Members of the young monks movement have participated in and organized public demonstrations in Phnom Penh, aimed at drawing attention to perceived government misdeeds.  The Maha Nikaya hierarchy has condemned this form of political activism, calling for the arrest of some monks and defrocking others.

Emergence of Khmer nationalism
Unlike in Vietnam, Cambodian nationalism remained relatively quiet during much of French rule mostly due to lesser education influence, which helped literacy rates remain low and prevented nationalist movements like those taking place in Vietnam. However, among the French-educated Cambodian elite, the Western ideas of democracy and self-rule as well as French restoration of monuments such as Angkor Wat created a sense of pride and awareness of Cambodia's once powerful status in the past. In education, there was also growing resentment among Cambodian students of the minority Vietnamese holding a more favored status. In 1936, Son Ngoc Than and Pach Choeun began publishing Nagaravatta (Notre cité) as a French language anti-colonial and at times, anti-Vietnamese newspaper. Minor independence movements, especially the Khmer Issarak, began to develop in 1940 among Cambodians in Thailand, who feared that their actions would have led to punishment if they had operated in their homeland.
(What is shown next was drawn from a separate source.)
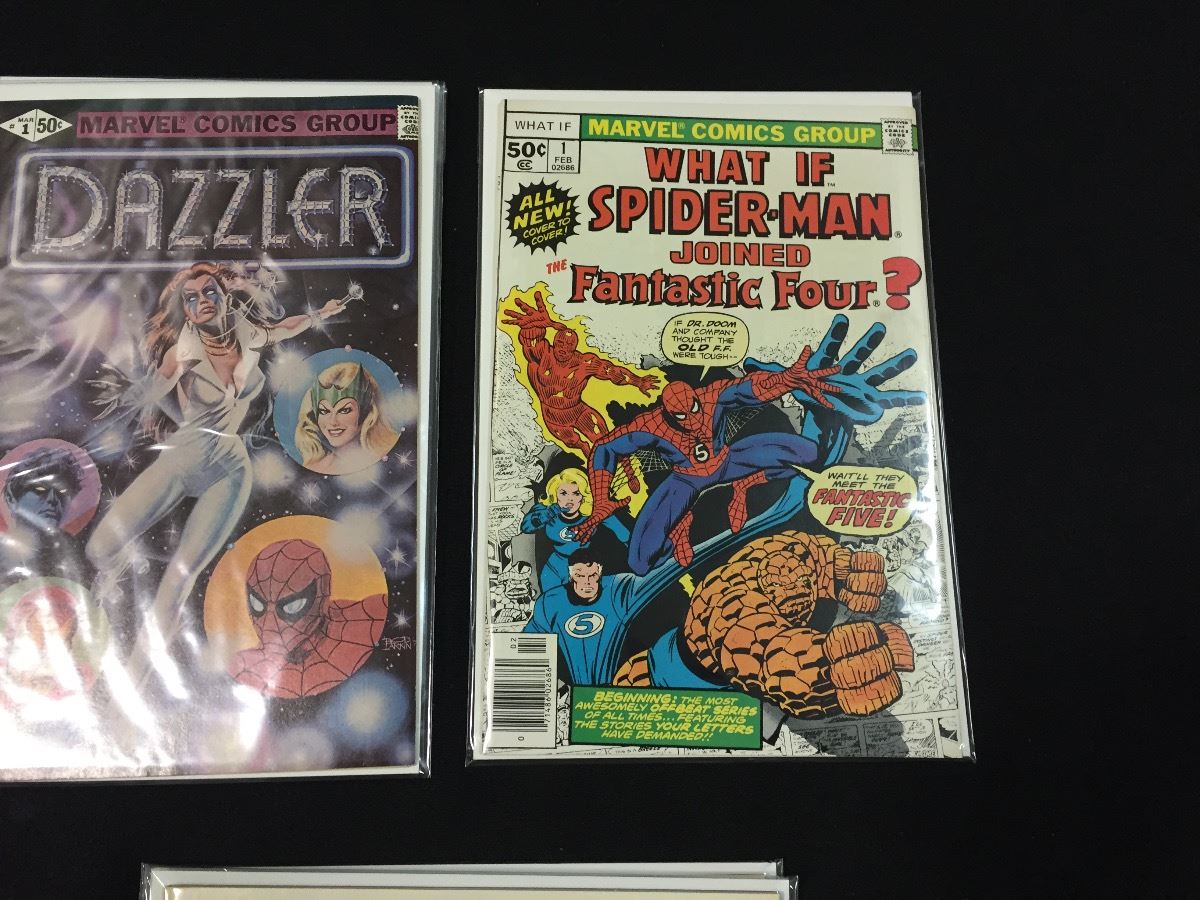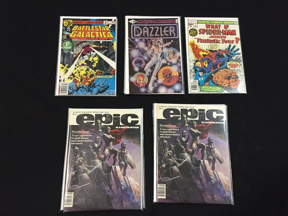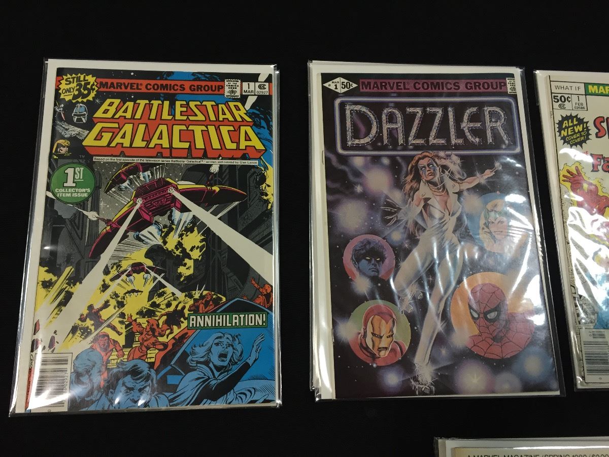 MARVEL & DC BRONZE #1'S LOT (1970'S-80'S) INCLUDES BATTLESTAR GALACTICA #1 (X2), DAZZLER #1 (X4), NEW TEEN TITANS #1, STAR WARS (REPRINT) #1, WHAT IF? #1 & EPIC #1 (X4). HIGH MID TO HIGH GRADE AVG. 13 BOOKS TOTAL,
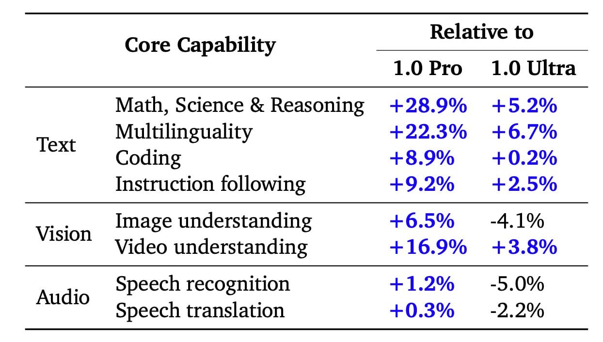 Overall they claim that Gemini Pro 1.5 is broadly similar in performance level to Gemini Ultra 1.0. Except presumably for the giant context window.

Khmer Nationalism and Buddhism

Cambodian Buddhism was instrumental in fomenting Khmer national identity and the independence movement in the 20th century, leading to Cambodian independence as a sovereign state.

In their attempt to separate the Khmer people from their cultural allegiance to the neighboring Theravada kingdom of Siam, the French "protectors" nurtured a sense of Khmer identity by emphasizing Khmer-language studies and Khmer Buddhist studies. They established Pali schools within Cambodia to keep the Cambodian monks from travelling to Siam for higher education. These Khmer-language study centres became the birthplace of Cambodian nationalism.

Khmer Rouge 

 

In 1975 when the Khmer Rouge took control of Cambodia, they tried to completely destroy Buddhism and they very nearly succeeded. By the time of the Vietnamese invasion in 1979, nearly every monk and religious scholar had been either murdered or driven into exile, and nearly every Buddhist temple and library had been destroyed.
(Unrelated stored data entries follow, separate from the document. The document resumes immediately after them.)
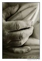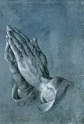 - Dans l'histoire de la peinture figurative, la représentation des mains a toujours revêtu une importance particulière[20]. Entre autres exemples : Pablo Picasso, Jaime Sabartés (le Bock), 1901 ; Oskar Kokoschka, Hans Tietze & Erica Tietze-Conrat, 1909 ; Maria Blanchard, Les Deux Orphelins, 1923 ; Jean Fautrier, Trois vieilles femmes, 1924 ; Otto Dix, Martha Dix tenant son fils Jan dans ses bras, 1925 ; George Grosz, Selbstbildnis als Warner, 1927 ; Salvador Dalí, La main, 1930 ; Max Beckmann, Autoportrait à la flûte de champagne, 1932 ; Amrita Sher-Gil, Portrait de Marie-Louise Chassany, 1932 ; Francis Picabia, L'Adoration du veau, 1941-1942 ; Lois Malou Jones, Mob Victim (Meditation), 1944 ; Irma Stern, Malay Woman, 1944 ; David Alfaro Siqueiros, Nuestra imagen actual, 1947 ; Candido Portinari, Operario, 1947.
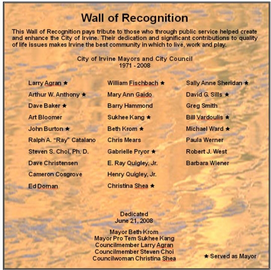 | Wall of Recognition | | | John Burton | | | City of Irvine Mayors and City Council 1971-2008 | |  | | | John Burton served on Irvine City Council as follows: 1971-1978 . He served as Mayor as follows: 1973-1974. |
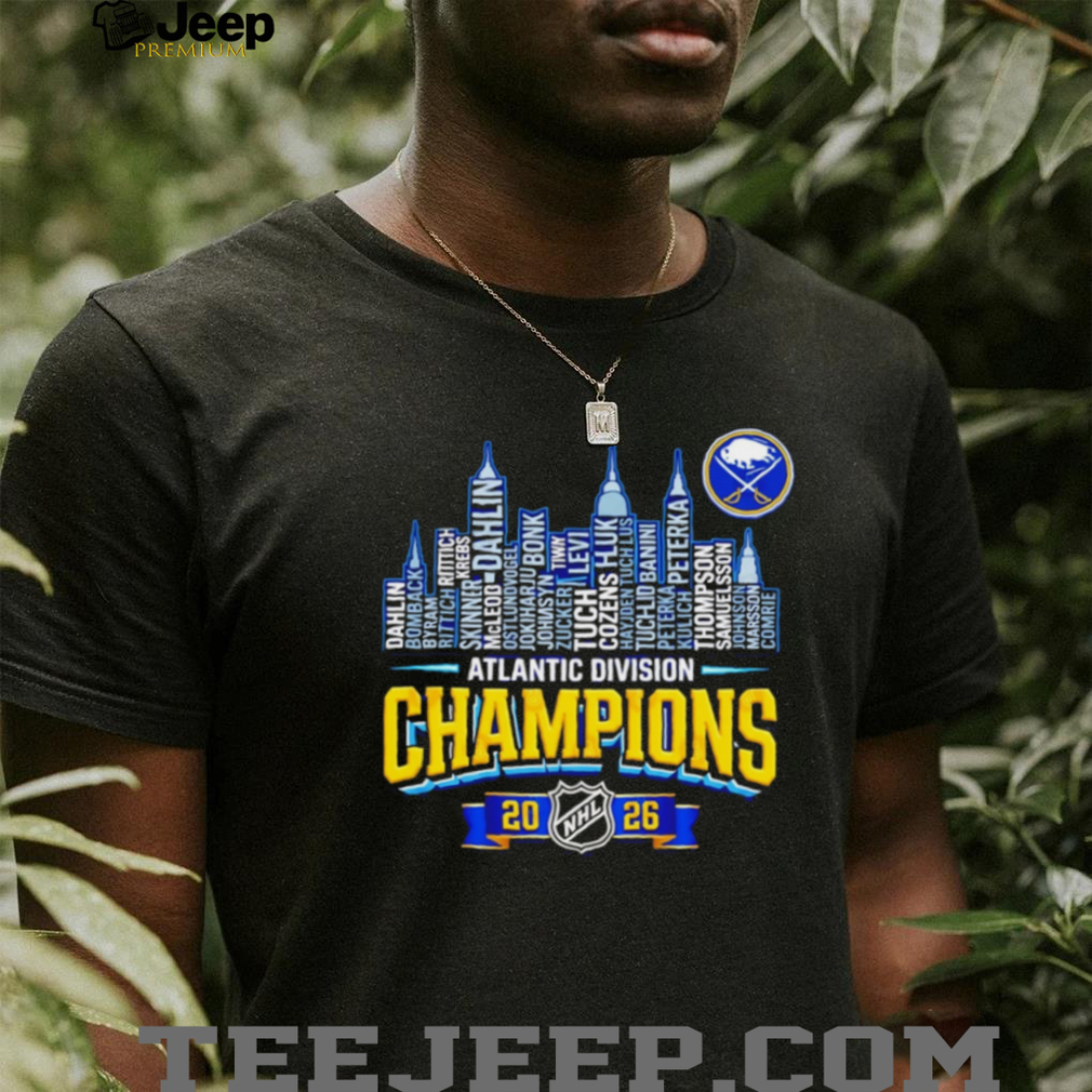 (Buffalo Sabres 2026 Atlantic Division Champions Roster Skyline T Shirt)The Ultimate Everyday Essential Elevate your wardrobe with the signature Teejeep touch. Our premium t-shirts are crafted for those who demand the perfect balance of rugged durability and cloud-like softness. Whether you’re hitting the streets or relaxing at home, this is the tee you’ll reach for every time.

The Khmer Rouge's policies towards Buddhism – which included the forcible disrobing of monks, the destruction of monasteries, and, ultimately, the execution of uncooperative monks – effectively destroyed Cambodia's Buddhist institutions.  Monks who did not flee and avoided execution lived among the laity, sometimes, they secretly performed Buddhist rituals for the sick or afflicted.

Estimates of the number of monks in Cambodia prior to the ascension of the Khmer Rouge vary, they range from 65,000 to 80,000.  By the time of the Buddhist restoration in the early 1980s, the number of Cambodian monks worldwide was estimated to be less than 3,000.  The patriarchs of both Cambodian nikayas perished sometime during the period 1975–78, though the cause of their deaths is not known.

Due to their association with the Thai monarchy, monks of the Thommayut order may have been particularly targeted for persecution.

New Era of Cambodian Society 

In 2018, Hun Sen and the ruling party of Cambodian People's Party had won all 125 seats in the National Assembly after its election in 2018 Cambodian general election to become the new era of One-party rule of all Cambodia like most of the former French Indochina including Vietnam and Laos with both ruling parties in 1975 starting with Lao People's Revolutionary Party and the Communist Party of Vietnam to maintain peace, security and development. like Cambodia, the CPP has its Khmer nationalism which controlled the entire country and its population with King Norodom Sihamoni in Phnom Penh. In June 2020, The Cambodian People's Party headquarters was officially inaugurated for its entire generation for all Cambodian citizens.